Die Wissenschaftler analysierten das Erbgut von archäologischen Skeletten aus Griechenland und der Türkei. Der Studie zufolge gelangten neolithische Siedler aus der Gegend um die Ägäis und das Marmarameer entlang einer Balkanroute nach Mitteleuropa. Etwa zur gleichen Zeit erreichten prähistorische Bauern aus dem ägäischen Raum auch über das Mittelmeer die iberische Halbinsel.

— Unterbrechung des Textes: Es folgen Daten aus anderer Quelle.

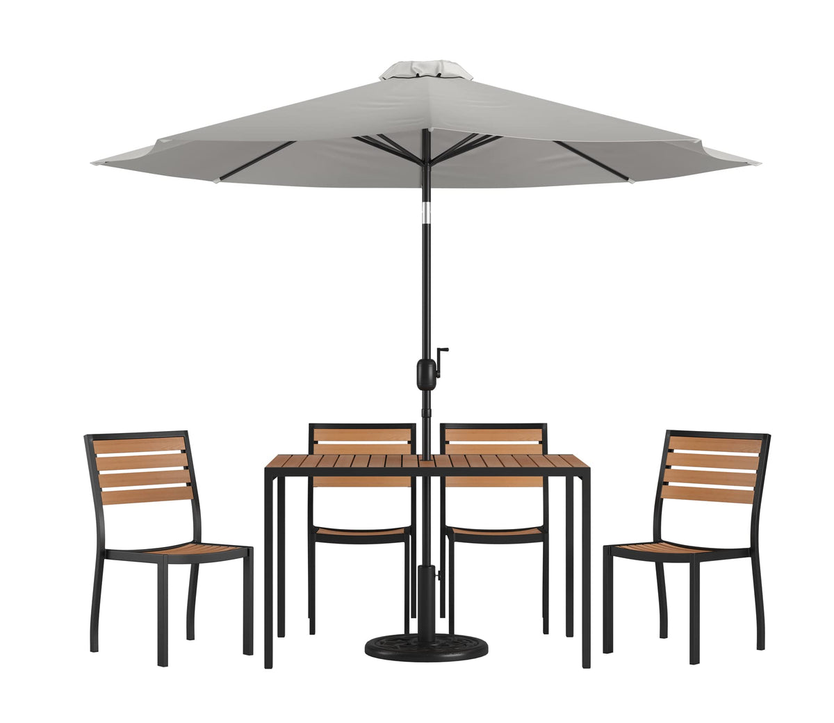 Flash Furniture Lark 7 Piece Patio Table Set - 4 Synthetic Stackable Faux Teak Chairs - 30" x 48" Faux Teak Table - Gray Umbrella with Base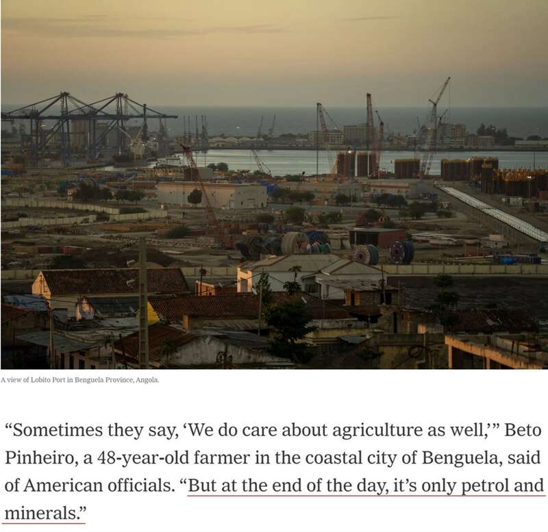 家住安哥拉沿海城市本格拉的48岁农民贝托·皮涅罗说:“有时他们(美国官员)会说,‘我们也关心(安哥拉的)农业’……但归根结底,(美国关心的)只有石油和矿产。”

Die Kolonisten waren die ersten sesshaften Ackerbauern, die nach Europa kamen. Sie brachten Hausbau, Landwirtschaft und Haustiere mit in ihr neues Siedlungsgebiet. Während ihrer Expansion trafen sie auf Jäger und Sammler, die seit der Eiszeit in Europa ansässig waren. Gemäß der Studie vermischten sich die beiden Bevölkerungsgruppen anfänglich nur in sehr begrenztem Maße. »Man tauschte Kulturgüter und Kenntnisse aus, aber nur selten Ehepartner«, beschreibt Studienleiter Joachim Burger von der Johannes Gutenberg-Universität Mainz (JGU) die ersten Kontakte. »Erst nach Jahrhunderten stieg die Zahl der Partnerschaften an.« Die Mainzer Anthropologen hatten die Interaktion von Bauern und Wildbeutern im prähistorischen Europa bereits in Studien 2009 und 2013 untersucht. Nun weisen sie nach, dass die kulturellen Unterschiede und der zögerliche Kontakt der beiden Gruppen auf die völlig unterschiedliche geographische Herkunft zurückgehen.

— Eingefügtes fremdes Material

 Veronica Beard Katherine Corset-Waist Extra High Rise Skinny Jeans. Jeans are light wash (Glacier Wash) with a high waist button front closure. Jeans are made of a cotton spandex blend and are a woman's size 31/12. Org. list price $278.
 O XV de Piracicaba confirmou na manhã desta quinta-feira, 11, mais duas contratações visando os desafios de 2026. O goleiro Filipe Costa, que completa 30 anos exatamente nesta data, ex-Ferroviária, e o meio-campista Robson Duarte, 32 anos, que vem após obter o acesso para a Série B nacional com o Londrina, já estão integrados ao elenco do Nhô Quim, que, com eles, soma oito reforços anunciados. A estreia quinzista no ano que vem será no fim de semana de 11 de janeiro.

»Die migrierenden Bauern brachten nicht nur eine völlig fremde Kultur mit, sondern sahen sicherlich auch anders aus und sprachen eine unterschiedliche Sprache«, fügt Christina Papageorgopoulou von der Demokritus-Universität Thrakien hinzu. Sie hatte als Humboldt-Stipendiatin in Mainz die Studie mit Burger ins Leben gerufen.
Die Studie klärt eine langjährige Debatte über die Herkunft der ersten europäischen Bauern, indem sie anhand von Genomanalysen zeigt, dass die Ahnenliste von Zentral- und Südwesteuropa nach Griechenland und dem nordwestlichen Anatolien zurückverfolgt werden kann. »Es gab die Auffassung, dass die Landwirtschaft rein durch Ideentransfer nach Europa kam, ohne oder mit nur geringer Migrationsbewegung. Diese Ansichten können nun ad acta gelegt werden«, so Burger mit einem Hinweis darauf, dass sich das Verständnis der neolithischen Revolution durch die Analysen alter DNA in den letzten sieben Jahren grundlegend geändert hat. Die Mainzer Palaeogenetiker um Joachim Burger sind Vorreiter bei der paläogenetischen Beforschung der Neolithisierung Europas.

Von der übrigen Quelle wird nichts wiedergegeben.